Cat Bohannon is a preeminent academic and wordsmith based at Columbia University currently undertaking a PhD exploring the advancement of human intellect. In addition to academia, Cat writes articles on evolution, brain science, and aesthetics. In her groundbreaking tome, Eve, she goes beyond traditional thinking opening up the scientific fundamentals of the female gender with regards to birth. Eve is a radical transformation of human history, an urgent and much needed realignment of focus on the crucible of the human womb. Bohannon's revelations, ranging from the effects of modern practices evolving the form of the female pelvis to the challenges arising from hunter-gatherer transition to agrarian societies. The writing is beautiful and the subject is of broad interest.

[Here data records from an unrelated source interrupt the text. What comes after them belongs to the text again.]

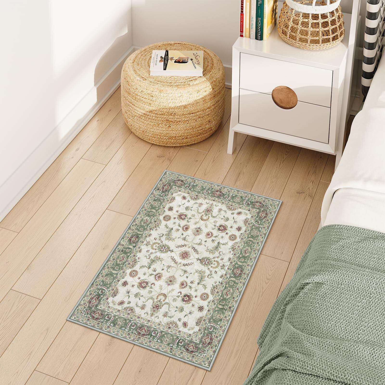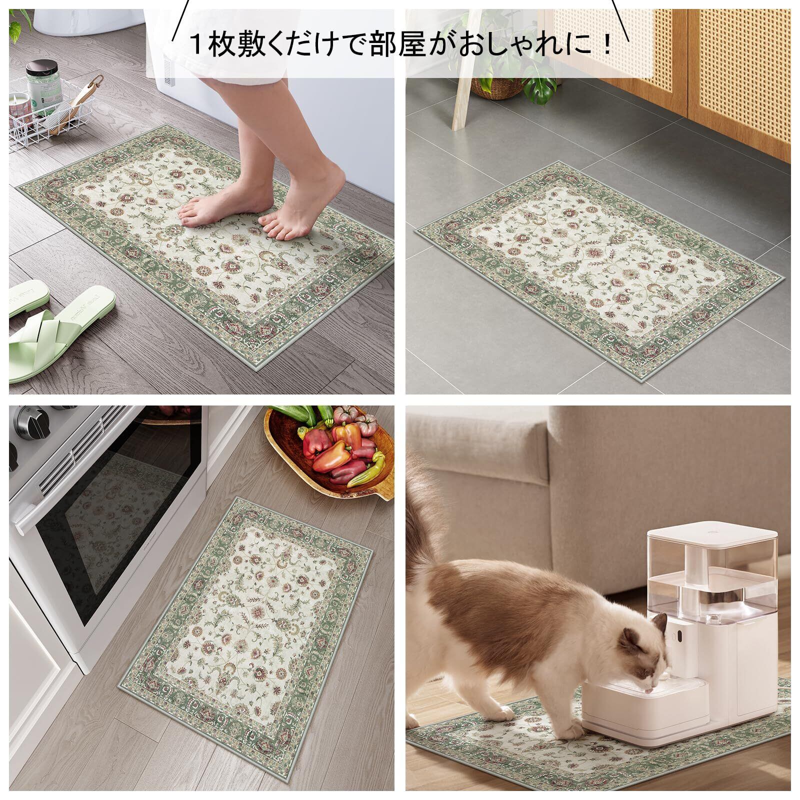 HAOCOO 玄関マット 室内 ペルシャ風 50х80cm 小さい ラグ おしゃれ 洗える 長方形 耐磨耗性 滑り止め 防音 ラグマット 屋外 泥落とし シェニール オールシーズン適用 抗菌防臭 軽量 花柄 グリーン | BASE SHOP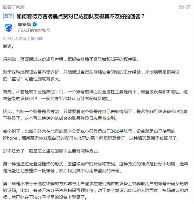 隨后,知乎方面表示,是因?yàn)槿f茜的 163 郵箱被盜導(dǎo)致知乎賬號(hào)被盜,知乎賬號(hào)被盜號(hào)概率較低,知乎賬號(hào)安全值得信賴。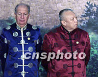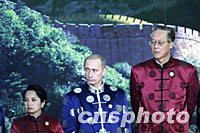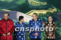 ![]() 美國總統(tǒng)布什身穿唐裝二十一日站在上?萍拣^中國萬里長城圖案背景前,聆聽中國國家主席江澤民宣讀APEC《領(lǐng)導(dǎo)人宣言》。亞太經(jīng)合組織第九次領(lǐng)導(dǎo)人非正式會議二十一日在上海圓滿閉幕。中新社記者 王瑤 攝 ![]() 新加坡總理吳作棟、泰國總理他信、美國總統(tǒng)布什和越南總理潘文凱身穿唐裝21日站在上海科技館中國萬里長城圖案背景前,聆聽中國國家主席江澤民宣讀APEC《領(lǐng)導(dǎo)人宣言》。亞太經(jīng)合組織第九次領(lǐng)導(dǎo)人非正式會議21日在上海圓滿閉幕。中新社記者 王瑤 攝

An ambitious, groundbreaking and myth-busting history of the evolution of the female body
How did wet nurses drive civilization? Are women always the weaker sex? Is sexism useful for evolution? And are our bodies at war with our babies?
In Eve, Cat Bohannon answers questions scientists should have been addressing for decades. With boundless curiosity and sharp wit, she covers the past 200 million years to explain the specific science behind the development of the female sex. Eve is not only a sweeping revision of human history, it's an urgent and necessary corrective for a world that has focused primarily on the male body for far too long. Bohannon's findings, including everything from the way C-sections in the industrialized world are rearranging women's pelvic shape to the surprising similarities between pus and breast milk, will completely change what you think you know about evolution and why Homo sapiens have become such a successful and dominant species, from tool use to city building to the development of language.